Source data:
= Beginning of Section =

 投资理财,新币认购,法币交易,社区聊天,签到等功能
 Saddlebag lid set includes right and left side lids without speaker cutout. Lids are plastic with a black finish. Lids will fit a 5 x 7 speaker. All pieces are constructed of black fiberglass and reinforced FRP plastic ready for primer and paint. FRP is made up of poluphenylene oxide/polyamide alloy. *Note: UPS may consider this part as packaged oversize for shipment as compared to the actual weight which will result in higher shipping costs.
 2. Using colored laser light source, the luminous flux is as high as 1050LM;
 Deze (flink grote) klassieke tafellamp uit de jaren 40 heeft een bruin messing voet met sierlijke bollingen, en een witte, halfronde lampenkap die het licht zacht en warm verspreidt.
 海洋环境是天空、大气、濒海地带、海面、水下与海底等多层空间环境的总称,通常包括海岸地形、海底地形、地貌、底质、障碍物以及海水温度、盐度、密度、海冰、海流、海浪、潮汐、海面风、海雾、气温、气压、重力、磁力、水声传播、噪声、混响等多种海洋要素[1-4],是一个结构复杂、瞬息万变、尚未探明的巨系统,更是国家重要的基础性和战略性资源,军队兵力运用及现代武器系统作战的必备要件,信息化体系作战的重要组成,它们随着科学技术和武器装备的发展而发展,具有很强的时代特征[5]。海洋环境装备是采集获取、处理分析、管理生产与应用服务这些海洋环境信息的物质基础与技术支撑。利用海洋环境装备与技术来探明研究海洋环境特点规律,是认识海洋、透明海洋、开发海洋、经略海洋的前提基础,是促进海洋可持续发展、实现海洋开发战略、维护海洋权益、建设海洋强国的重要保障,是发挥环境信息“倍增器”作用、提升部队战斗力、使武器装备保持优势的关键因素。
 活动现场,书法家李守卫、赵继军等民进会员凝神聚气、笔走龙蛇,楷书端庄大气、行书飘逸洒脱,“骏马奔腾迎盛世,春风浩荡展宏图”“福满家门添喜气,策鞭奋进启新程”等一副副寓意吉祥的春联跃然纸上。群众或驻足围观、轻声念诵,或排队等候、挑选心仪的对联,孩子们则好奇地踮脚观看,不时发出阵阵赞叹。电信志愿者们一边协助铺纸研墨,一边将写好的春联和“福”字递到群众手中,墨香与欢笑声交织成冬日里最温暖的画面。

= End of Section =
= Beginning of Section =

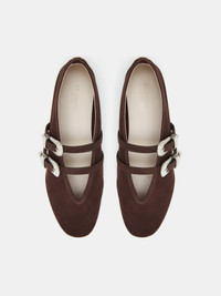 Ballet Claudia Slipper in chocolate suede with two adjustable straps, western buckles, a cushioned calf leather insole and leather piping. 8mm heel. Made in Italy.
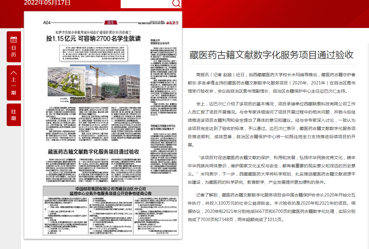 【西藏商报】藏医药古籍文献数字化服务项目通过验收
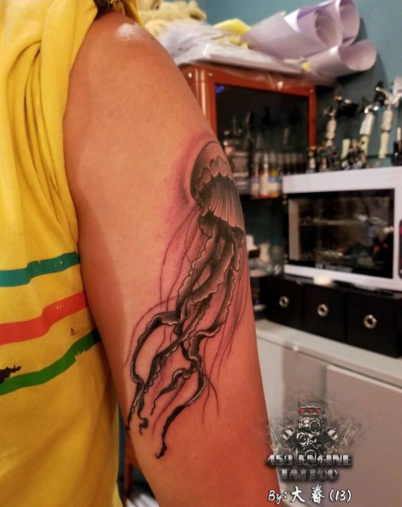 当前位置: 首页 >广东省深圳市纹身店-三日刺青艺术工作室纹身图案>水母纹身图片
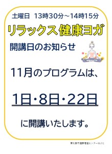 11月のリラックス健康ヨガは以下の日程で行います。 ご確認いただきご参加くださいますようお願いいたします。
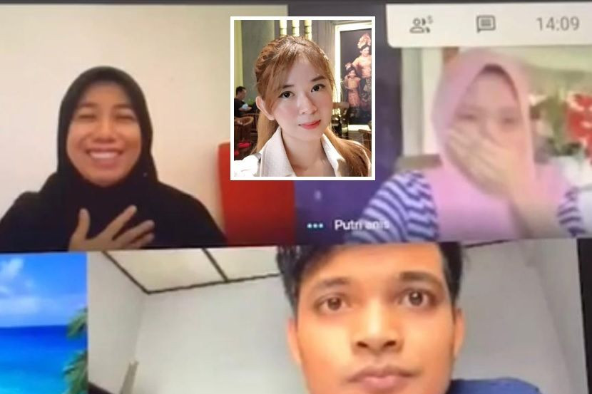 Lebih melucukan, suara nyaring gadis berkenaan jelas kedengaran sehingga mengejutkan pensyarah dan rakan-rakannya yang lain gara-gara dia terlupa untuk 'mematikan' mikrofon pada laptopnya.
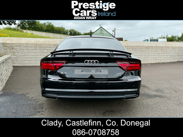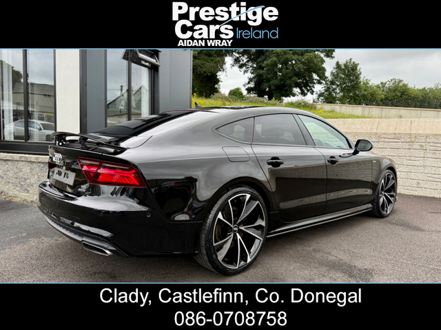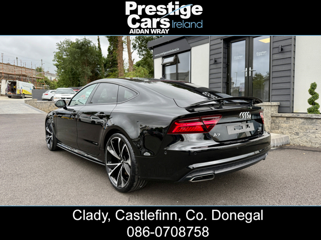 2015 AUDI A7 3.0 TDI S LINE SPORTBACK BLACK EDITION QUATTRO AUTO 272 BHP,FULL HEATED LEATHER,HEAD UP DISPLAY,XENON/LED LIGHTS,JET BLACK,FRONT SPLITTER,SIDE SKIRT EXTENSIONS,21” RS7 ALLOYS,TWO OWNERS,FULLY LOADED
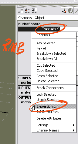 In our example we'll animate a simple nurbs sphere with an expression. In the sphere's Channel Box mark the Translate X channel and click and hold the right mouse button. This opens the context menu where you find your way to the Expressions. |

= End of Section =

Your goal:
Reproduce, character for character, only the lines of the preceding data that start at the line with "2. Using colored" and end at the line with "活动现场,书法家李守卫、赵继", both included.

Response to this exercise:
 2. Using colored laser light source, the luminous flux is as high as 1050LM;
 Deze (flink grote) klassieke tafellamp uit de jaren 40 heeft een bruin messing voet met sierlijke bollingen, en een witte, halfronde lampenkap die het licht zacht en warm verspreidt.
 海洋环境是天空、大气、濒海地带、海面、水下与海底等多层空间环境的总称,通常包括海岸地形、海底地形、地貌、底质、障碍物以及海水温度、盐度、密度、海冰、海流、海浪、潮汐、海面风、海雾、气温、气压、重力、磁力、水声传播、噪声、混响等多种海洋要素[1-4],是一个结构复杂、瞬息万变、尚未探明的巨系统,更是国家重要的基础性和战略性资源,军队兵力运用及现代武器系统作战的必备要件,信息化体系作战的重要组成,它们随着科学技术和武器装备的发展而发展,具有很强的时代特征[5]。海洋环境装备是采集获取、处理分析、管理生产与应用服务这些海洋环境信息的物质基础与技术支撑。利用海洋环境装备与技术来探明研究海洋环境特点规律,是认识海洋、透明海洋、开发海洋、经略海洋的前提基础,是促进海洋可持续发展、实现海洋开发战略、维护海洋权益、建设海洋强国的重要保障,是发挥环境信息“倍增器”作用、提升部队战斗力、使武器装备保持优势的关键因素。
 活动现场,书法家李守卫、赵继军等民进会员凝神聚气、笔走龙蛇,楷书端庄大气、行书飘逸洒脱,“骏马奔腾迎盛世,春风浩荡展宏图”“福满家门添喜气,策鞭奋进启新程”等一副副寓意吉祥的春联跃然纸上。群众或驻足围观、轻声念诵,或排队等候、挑选心仪的对联,孩子们则好奇地踮脚观看,不时发出阵阵赞叹。电信志愿者们一边协助铺纸研墨,一边将写好的春联和“福”字递到群众手中,墨香与欢笑声交织成冬日里最温暖的画面。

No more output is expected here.